Fluid inclusions and rare earth element geochemistry of fluorite from south-central Idaho

Abstract

Epithermal fluorite mineralization of Tertiary age occurs in a northeast-trending belt within the Challis 2 degrees quadrangle of south-central Idaho. Fluorite was collected from the Meyers Cove area and the Bayhorse, Yankee Fork, and Stanley mining districts. Host rocks include the Eocene Challis Volcanics, the Cretaceous Idaho batholith, and the Ordovician(?) Bayhorse Dolomite. Mineralization is structurally controlled and is present as fault and fracture fillings and breccia cements. Argillization and silicification of the wall rocks is common and locally intense.Microthermometric measurements on nearly 400 two-phase (H 2 O + vapor), water-rich inclusions with low vapor to liquid ratios yielded mean homogenization temperatures of 160 degrees C for the Meyers Cove area, 150 degrees C for the Stanley district, and 130 degrees C for the Bayhorse and the Yankee Fork districts.

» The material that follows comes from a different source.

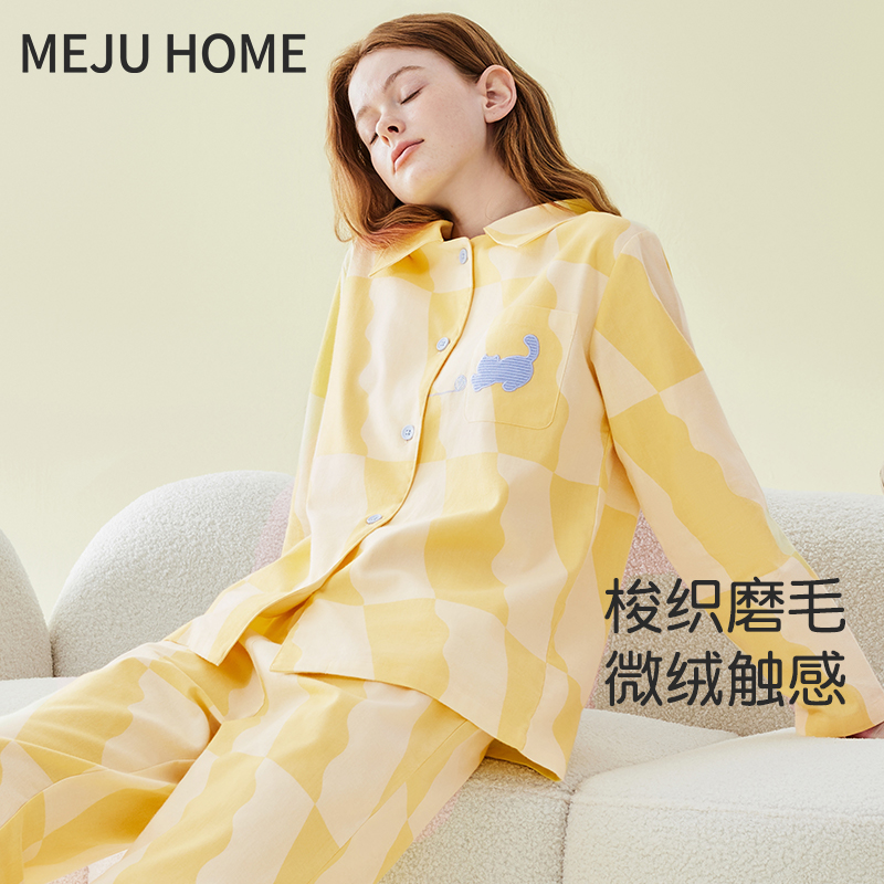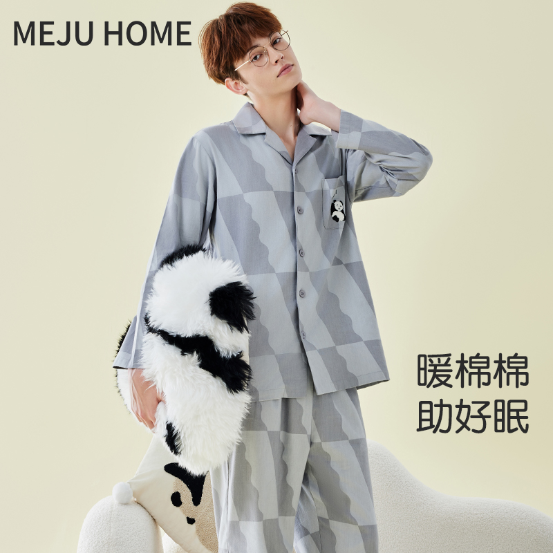 保暖家居服套装 长袖 小象居家男女款 纯棉磨毛情侣睡衣春秋2025新款

Salinities range from 0 to 1.4 equiv wt percent NaCl.The rare earth element content of the fluorite is quite variable, ranging from 2.6 to 130 ppm, and Ce/Yb ratios reflect the dominant trend of light rare earth element enrichment. Fluorite from the Meyers Cove area and the Bayhorse and Stanley districts have similar Tb/La ratios, indicating crystallization at about the same time. Fluorite from the Yankee Fork district has a lower mean Tb/La ratio which is indicative of earlier crystallization. Chondrite-normalized plots and rare earth element ratios reveal persistent negative Ce anomalies, indicating high oxygen fugacities at the source area. Positive Eu anomalies indicate the release of Eu (super +2) during feldspar destruction, oxidation to Eu (super +3) at the deposition site, and subsequent incorporation in the fluorite. Samples with negative Eu anomalies indicate the presence of divalent Eu.The fluid inclusion, geochemical, geologic, geochronologic, and stable isotope data support deposition in Tertiary hydrothermal systems dominated by fluids of meteoric origin. The most important depositional mechanism is believed to be an increase in the pH of the ore-bearing fluids upon interaction with the wall rocks.